These configurations can be mixed - both native runtimes and containerized runtimes deployed together, with resources allocated to each runtimes in different configurations.

The following resources configurations are available through the wallaroo.deployment_config object.

GPU and CPU Allocation

CPUs are allocated in fractions of total CPU power similar to the Kubernetes CPU definitions. cpus(0.25), cpus(1.0), etc are valid values.

GPUs can only be allocated by entire integer units from the GPU enabled nodepools. gpus(1), gpus(2), etc are valid values, while gpus(0.25) are not.

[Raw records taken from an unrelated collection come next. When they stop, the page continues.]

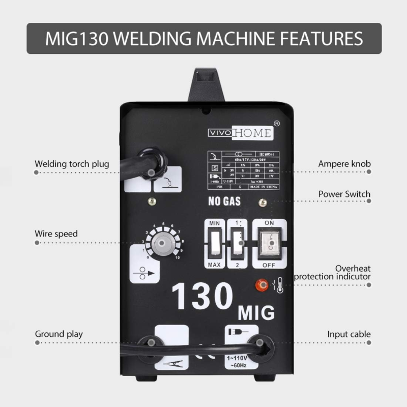 ACCESSORIES INCLUDED ? The VIVOHOME MIG Welder package includes all the accessories you need to weld like a pro: 1x 6.6' welding gun with on/off safety control; 1x 4.9' grounding clamp; 1x welding helmet; 1x wire welding brush; 1 x 0.03" (0.8mm) Flux core wire; and several other small accessories
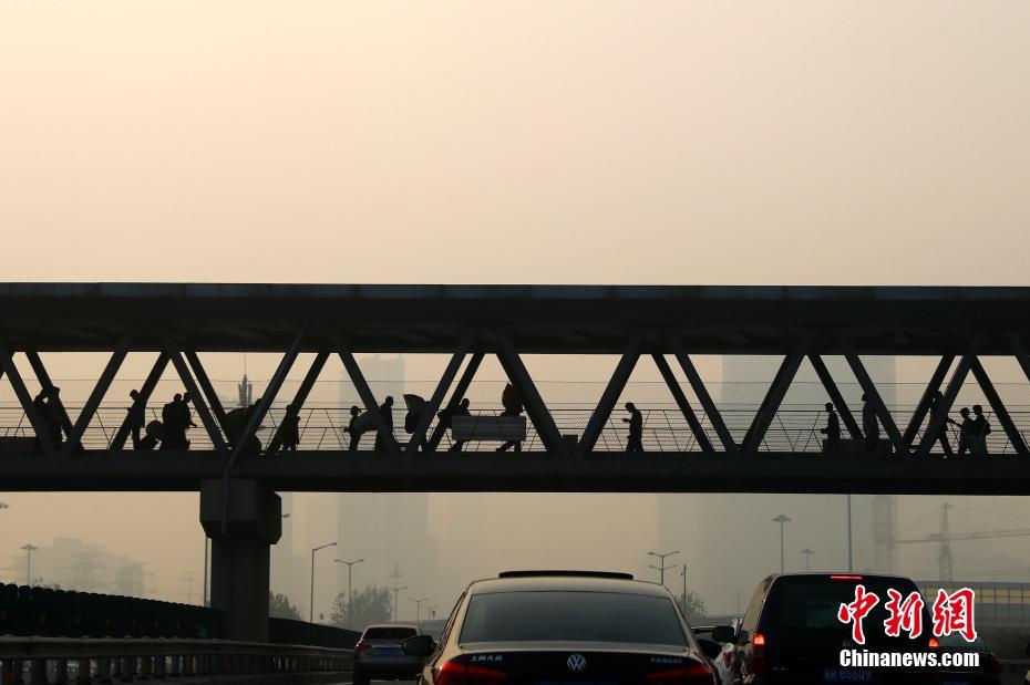 10月13日,北京市民霾中出行。当日下午16时,北京市空气重污染应急指挥部办公室发布空气重污染蓝色预警。北京市及华北地区受不利气象条件影响,污染物积累明显,空气质量达到重度污染水平,根据预报,14日仍将维持不利气象条件,空气质量为重度污染。 中新社记者 富田 摄
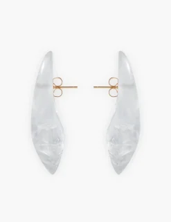 The Crystal Carved Pebble Earrings In Crystal From Our Fall 2023 Collection, Luminosity. A Gold Pleated Earring Featuring Transparent Quartz Stone.- 20Kt Gold Plated
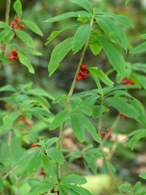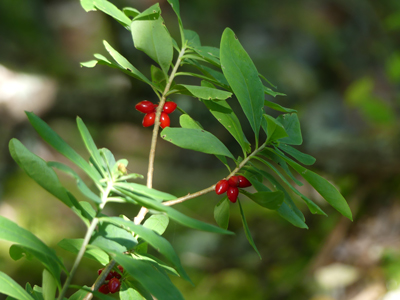 ![]() チョウセンナニワズ オニシバリによく似た木が赤い実をつけていました。落葉していないので調べてみたらばチョウセンナニワズのようでした。 |

Organizations should be aware of how many GPUs are allocated to the cluster. If all GPUs are already allocated to other deployments, or if there are not enough GPUs to fulfill the request, the deployment will fail and return an error message.

GPU Support

Wallaroo 2023.2.1 and above supports Kubernetes nodepools with Nvidia Cuda GPUs.

See the Create GPU Nodepools for Kubernetes Clusters guide for instructions on adding GPU enabled nodepools to a Kubernetes cluster.

Architecture Support

Wallaroo supports x86 and ARM architecture CPUs. For example, Azure supports Ampere® Altra® Arm-based processor included with the following virtual machines:

Model Deployment Architecture Inheritance

Deployment configurations inherit the model’s architecture setting. This is set during model upload by specifying the arch parameter. By default, models uploaded to Wallaroo default to the x86 architecture.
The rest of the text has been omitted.